* **TO DO**:
This task calls for the lines below starting at the one containing "대신 욕실 슬리퍼를 담궈" and ending at the one containing "În contextul informaţiei", repeated exactly with both ends kept and pictures left out.

* **DATA RECORDS**:
******************************

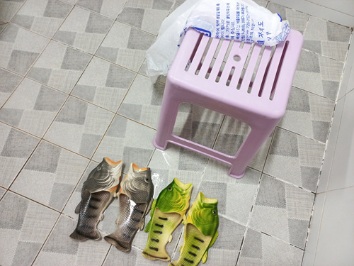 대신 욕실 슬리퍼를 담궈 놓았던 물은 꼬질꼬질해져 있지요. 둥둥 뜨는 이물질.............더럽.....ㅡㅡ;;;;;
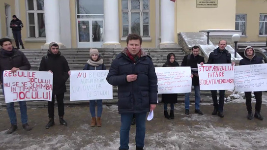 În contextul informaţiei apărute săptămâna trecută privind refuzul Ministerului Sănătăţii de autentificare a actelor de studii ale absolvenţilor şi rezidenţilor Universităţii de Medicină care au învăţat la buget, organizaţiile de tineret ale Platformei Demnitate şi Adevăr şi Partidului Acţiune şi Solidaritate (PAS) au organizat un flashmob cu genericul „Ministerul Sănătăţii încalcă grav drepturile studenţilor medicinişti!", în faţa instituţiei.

******************************

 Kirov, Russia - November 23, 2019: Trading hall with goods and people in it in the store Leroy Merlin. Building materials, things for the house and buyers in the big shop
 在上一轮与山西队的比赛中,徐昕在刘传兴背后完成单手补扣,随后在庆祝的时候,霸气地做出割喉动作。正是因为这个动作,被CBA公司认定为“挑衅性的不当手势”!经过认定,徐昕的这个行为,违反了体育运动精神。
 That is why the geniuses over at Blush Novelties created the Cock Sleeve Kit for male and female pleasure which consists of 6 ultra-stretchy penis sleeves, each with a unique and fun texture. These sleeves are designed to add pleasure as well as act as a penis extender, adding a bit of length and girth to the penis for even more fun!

******************************

* **RESULT**:
 대신 욕실 슬리퍼를 담궈 놓았던 물은 꼬질꼬질해져 있지요. 둥둥 뜨는 이물질.............더럽.....ㅡㅡ;;;;;
 În contextul informaţiei apărute săptămâna trecută privind refuzul Ministerului Sănătăţii de autentificare a actelor de studii ale absolvenţilor şi rezidenţilor Universităţii de Medicină care au învăţat la buget, organizaţiile de tineret ale Platformei Demnitate şi Adevăr şi Partidului Acţiune şi Solidaritate (PAS) au organizat un flashmob cu genericul „Ministerul Sănătăţii încalcă grav drepturile studenţilor medicinişti!", în faţa instituţiei.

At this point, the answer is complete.